不同灌溉条件下冠菌素对大豆光合特性与产量的调控效应

鱼海跃,闫岩,张钰石,张明才(),李召虎   

  1. 植物生长调节剂教育部工程研究中心 / 中国农业大学农学院, 北京100193
  • 收稿日期:2019-03-05 接受日期:2019-06-12 出版日期:2019-12-12 网络出版日期:2019-07-08
  • 通讯作者: 张明才
  • 作者简介:鱼海跃, E-mail: yuhaiyueo@126.com
  • 基金资助:
    本研究由国家自然科学基金项目(31471420)

Regulatory effects of coronatine on photosynthetic characteristics and yield of soybean under different irrigation conditions

Hai-Yue YU,Yan YAN,Yu-Shi ZHANG,Ming-Cai ZHANG(),Zhao-Hu LI   

  1. Engineering Research Center of Plant Growth Regulator, Ministry of Education / College of Agronomy and Biotechnology, China Agricultural University, Beijing 100093, China
  • Received:2019-03-05 Accepted:2019-06-12 Published:2019-12-12 Published online:2019-07-08
  • Contact: Ming-Cai ZHANG
  • Supported by:
    This study was supported by the National Natural Science Foundation of China(31471420)

摘要:

干旱是限制大豆丰产稳产的重要因素之一, 利用生物调节剂提高大豆耐旱性是生产中一种新型的生物节水管理模式。
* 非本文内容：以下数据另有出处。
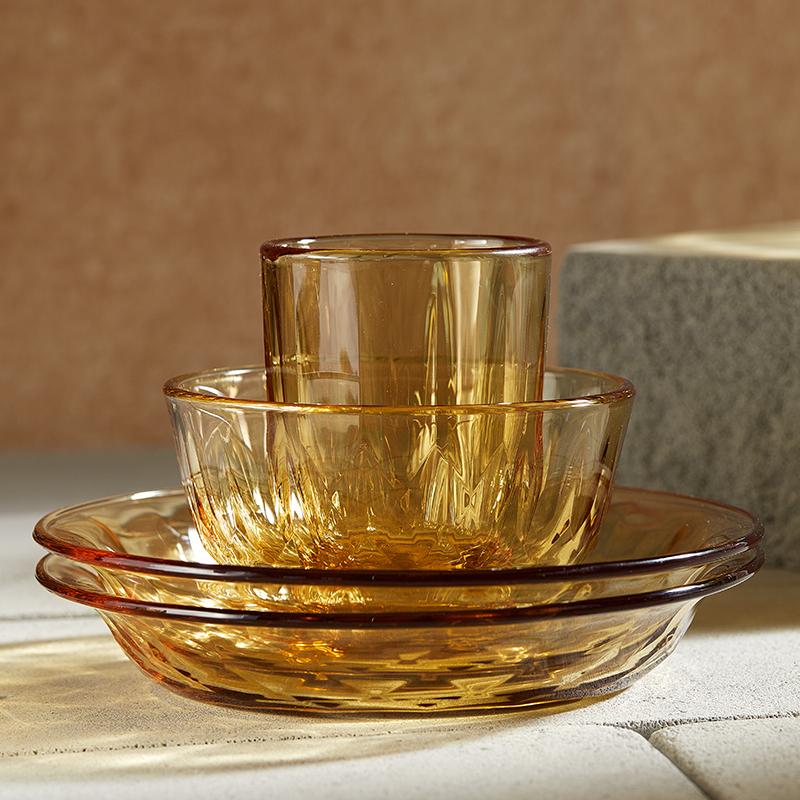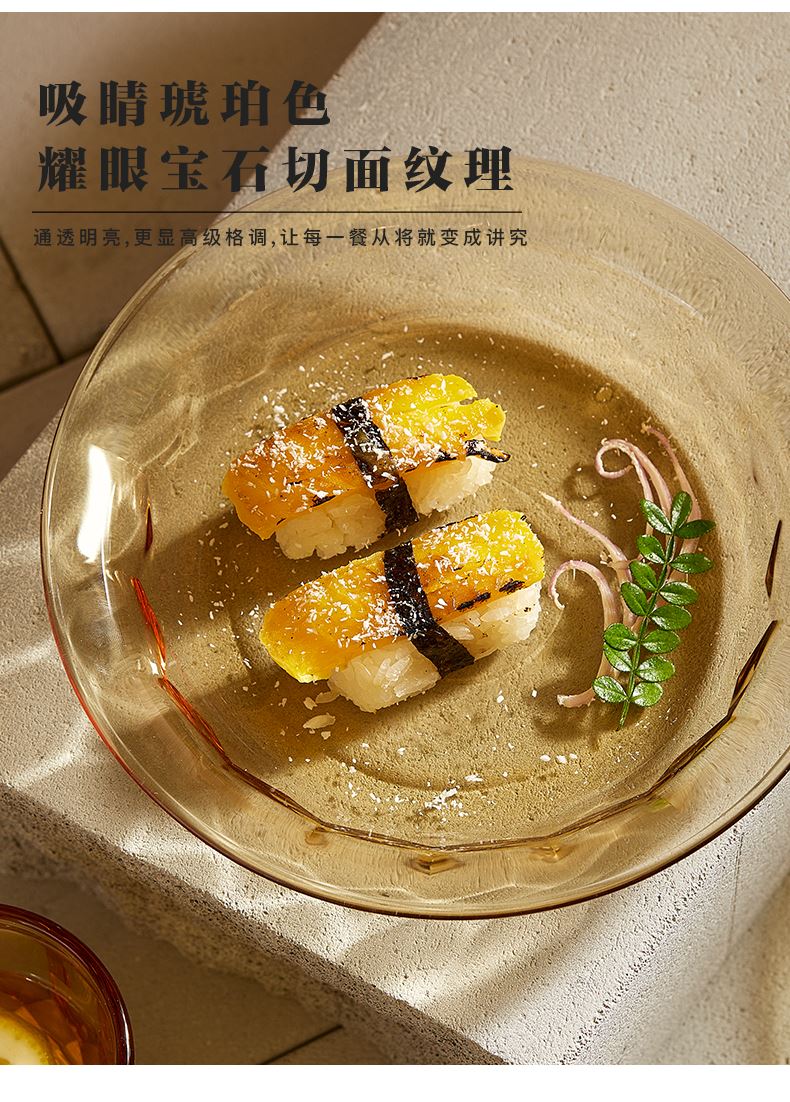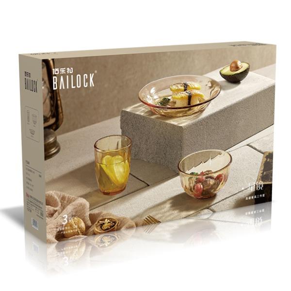 适用温度:-20°C-200°C 材 质:高硼硅玻璃 产品参数:小碗460ml*1、 杯260ml*1、 盘196mm*1 彩盒尺寸:343*91*215mm 外箱尺寸:57.3*35.5*44.9cm 产品卖点:1.产品采用高硼色料玻璃材质,颜色与生俱来,永不退色。烤箱、微波炉、冰箱冷冻放心使用。2.星境高硼餐具设计理念,用线条勾勒几何切面,以面为境折射时光、徜徉星空。3.触感温润,质感光滑,为您的餐桌增添一抹高雅;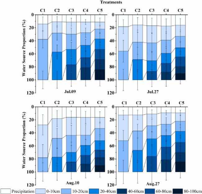 圖5 采樣期間土壤厚度20 cm (C1)、40 cm (C2)、60 cm (C3)、80 cm (C4)、100 cm (C5)處理不同土層土壤水及雨水對莖水相對貢獻比例的變化。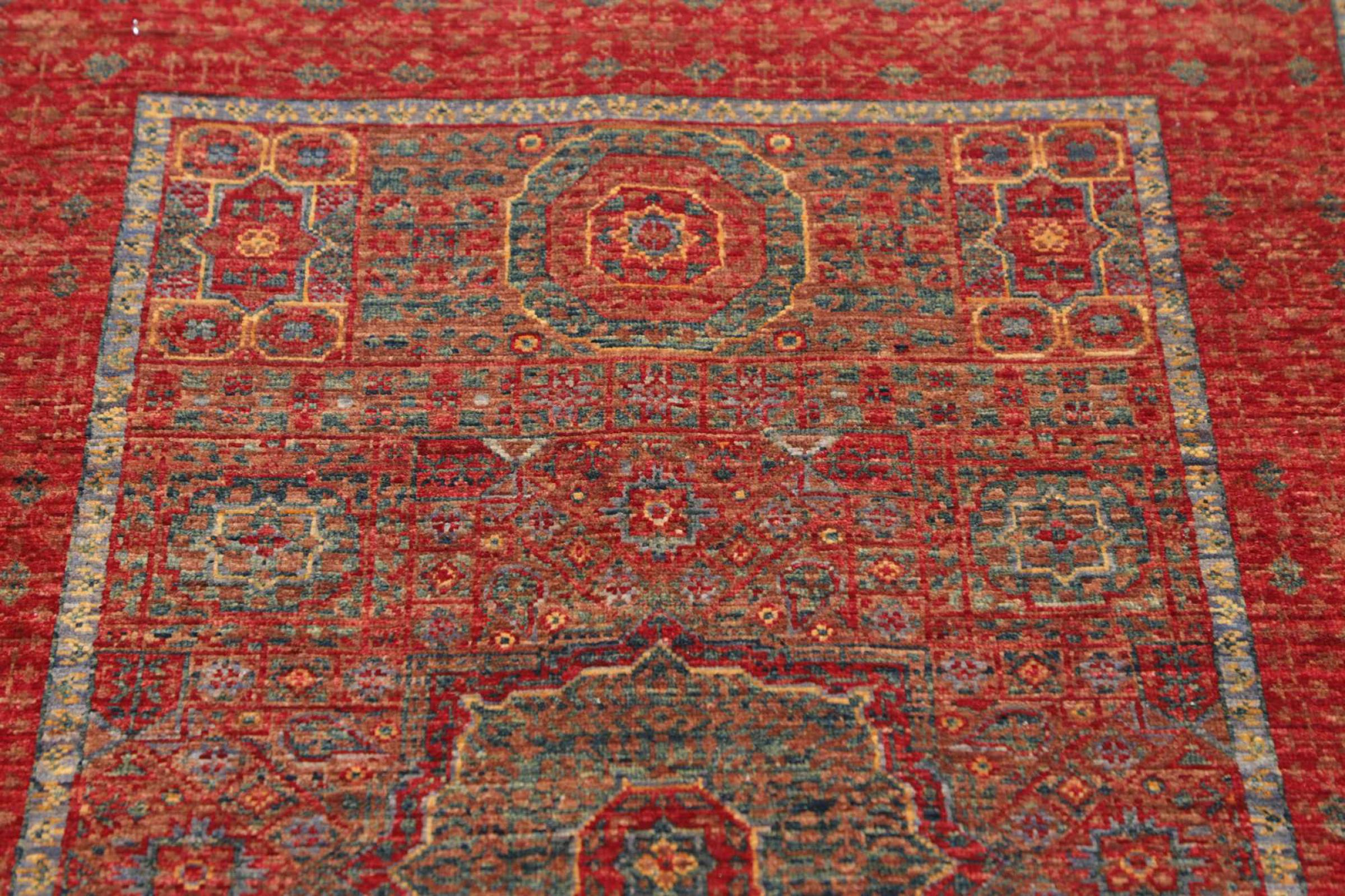 A large part of Pakistani rug production takes place in and around the cities of Lahore and Karachi. Many of the rug knotters of that time fled to Pakistan during the war with India and settled there. Today, especially hand-knotted Pakistan Bukhara rugs are well-known. Similar to the Afghan oriental rugs, Pakistani rugs are also made in dark colours and mostly have shades of red. Even the well-known elephant foot pattern (repeating octagonal pattern) can be found on a Pakistani.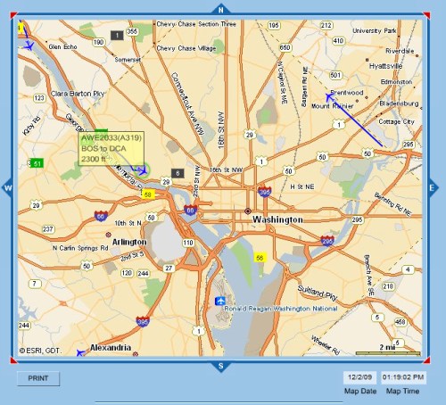 This map indicates that at 1:19 pm on December 2nd, American flight 2033 from Boston (which is an A319 plane) was approaching for a landing at about 2300 feet above Georgetown.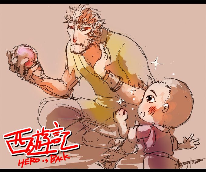 大雑把なあらすじは封印のためにかつての力が使えず、苛立ち、諦め、やさぐれている元ヒーローがちびっ子のために再びヒーローになるお話。お兄さん以上オジサン手前な雰囲気の斉天大聖がとにかくカッコイイ!とりあえず描き殴りおく。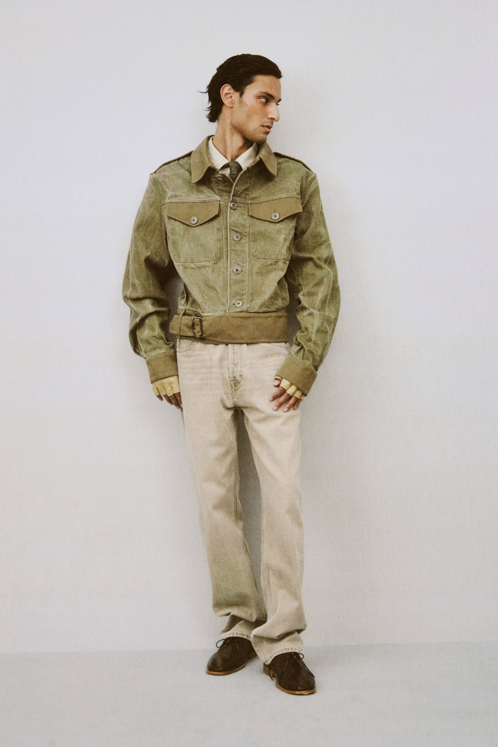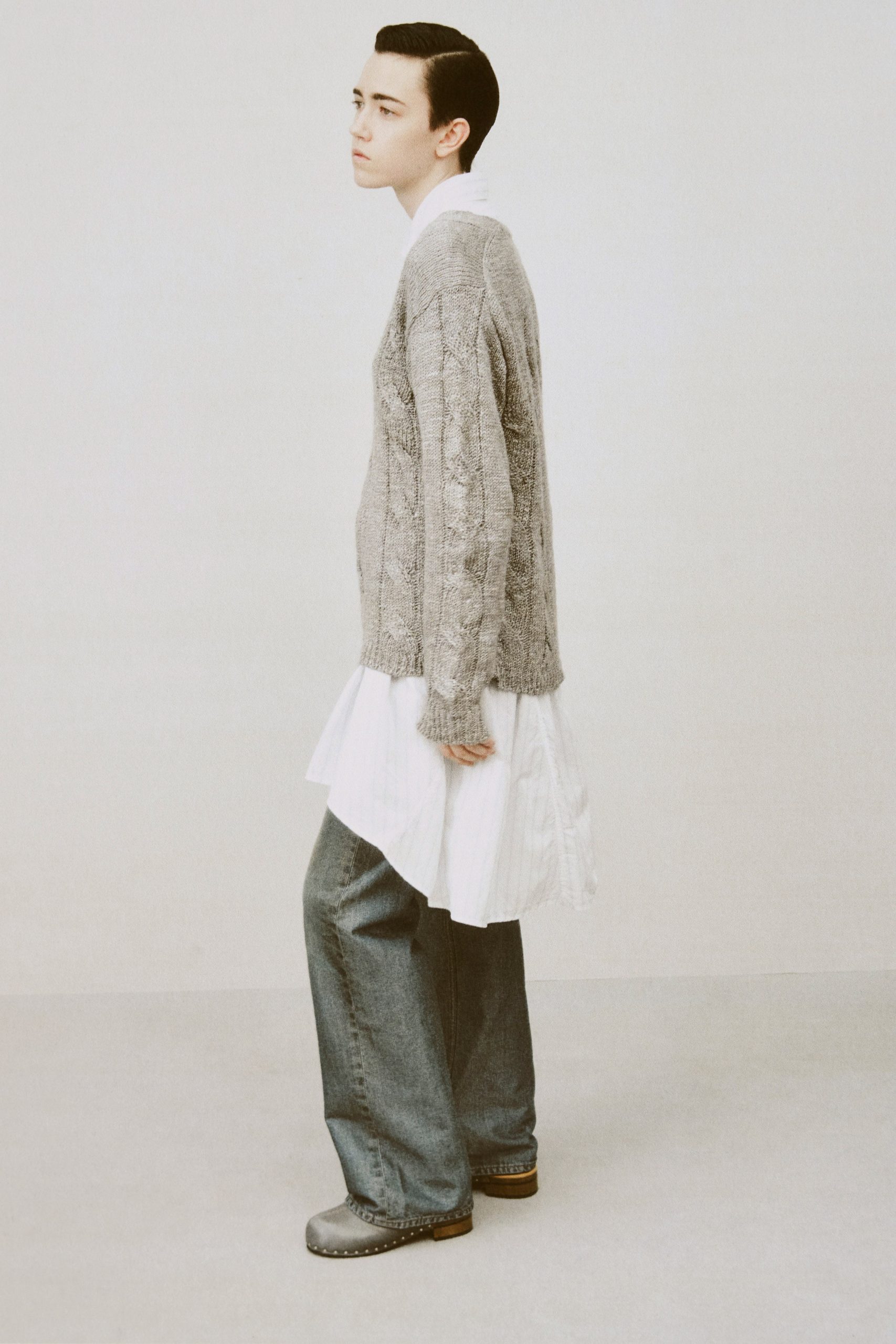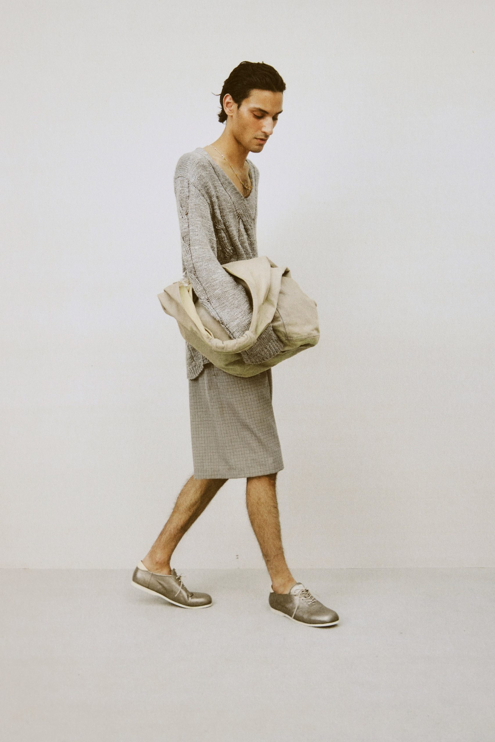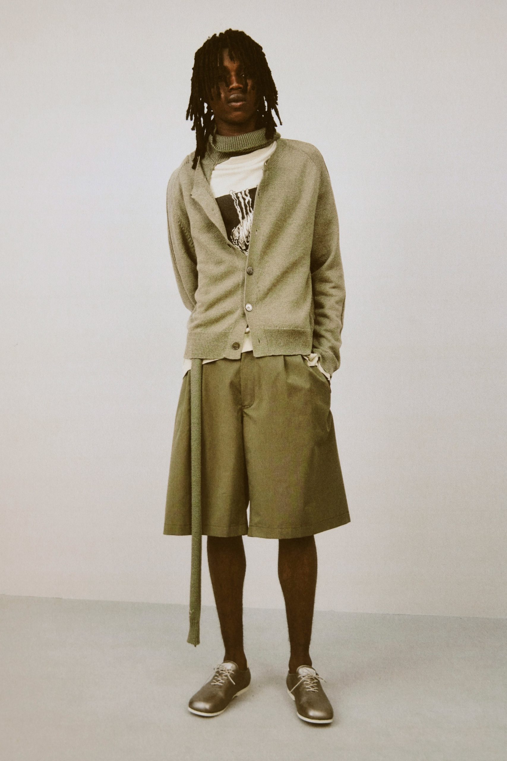 男女装造型比往季更加和谐。男式制服夹克通过塑形设计更显女性柔美,女装中常见的小开衩也被加入男装。蕾丝贯穿了军装造型在内的整个系列。Our Legacy 热门单品得以全新再现,例如燕尾服飞行员夹克或 2005 年首个系列中的「死亡天使」印花。还有一些面料首次亮相,例如彩虹色的针织面料——曾并未被纳入考虑。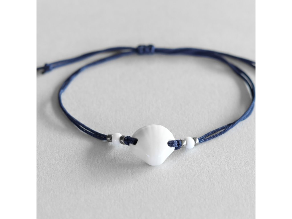 Základ náramku tvoří dvojitá nylonová šňůrka, na které je navlečen ručně modelovaný korálek z porcelánu o velikosti 13 x 13 až 20 x 20mm. Hlavní motiv doplňují skleněné korálky české výroby.

本研究在常规灌溉与无灌溉条件下, 采用生物调节剂冠菌素(COR)于大豆初花期进行叶面喷施处理, 研究COR对植株农艺性状、叶片水势和光合特征、产量及其构成因素的调控效应。试验结果表明: 在正常灌溉条件下, COR处理对大豆叶片水势、叶绿素含量、光合速率、叶绿素荧光参数、RuBP羧化酶和SPS活性等影响较小, 与对照相比其产量和生物量差异不显著。但在生长季无灌溉的雨养条件下, COR处理会显著提高大豆开花后叶片水势、叶绿素含量、光合速率和叶绿素荧光参数, 增加叶片RuBP羧化酶和SPS活性, 改善大豆产量构成因素, 最终导致籽粒产量增加。总之, 在雨养条件下, COR对大豆光合特征和产量形成具有积极的调控效应。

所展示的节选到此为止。